See additional information via MSDN Code Gallery.

Demo:

The Universal Code Execution Model means that you can run your cmdlets, scripts, and functions in any session, locally or remotely.  A Windows PowerShell session is actually a persistent connection to the computer using the Windows Remote Management (WinRM) service.  Creating sessions is performed using the New-PSSession cmdlet. 

First, display the current process ID using the $pid environment variable.  Next, create a new session on the localhost using New-PSSession.

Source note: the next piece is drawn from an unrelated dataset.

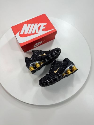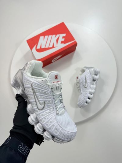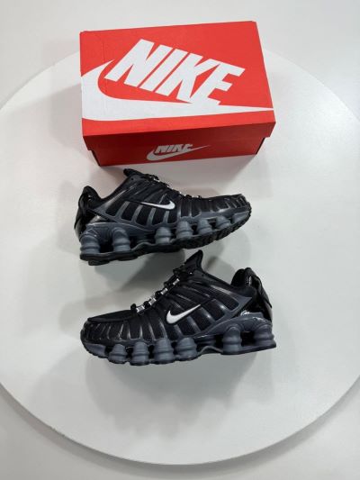 Branding: A metallic silver Nike “Swoosh” is visible on the side panel. The tongue also features small “Nike Shox” branding.

The Invoke-Command cmdlet will cause script to be invoked on the given session, and in this case will simply output the value of $pid, the process ID, on the given session.  This is a quick way to verify that the session is truly a different process from the original state.

The Get-PSSession cmdlet will display any running sessions.  This does not include your terminal window which is not managed as a connection.  Without running New-PSSession, the Get-PSSession cmdlet will not return any objects.

Next, execute the Some-Functions.ps1 script file containing a simple Square-Root function.  Once invoked, you can execute the functions in the session, but not in the local terminal.  The Import-PSSession cmdlet, run next, imports the sqrtAdvance function so it can be used locally.

Finally, the Remove-PSSession cmdlet is invoked to destroy the session and its underlying connection.  Calling Get-PSSession confirms that it is no longer active.

Next, the video covers debugging using the Integrated Scripting Environment (ISE).  The Set-PSBreakpoint cmdlet allows you to declare a breakpoint on a line, variable, or command.  In the video, the breakpoint is placed on the variable "s1" which is the session variable.  A breakpoint also specifies AccessMode, by default, Write.  As soon as anything attempts to modify the value of "s1" code execution will break.

The existing script for working with sessions is started and as soon as the New-PSSession cmdlet is run, the breakpoint takes effect.  ISE has a Debug menu which supports creating and managing breakpoints, stepping through and resuming code, and evening showing the call stack.  The video steps through the code and demonstrates these features.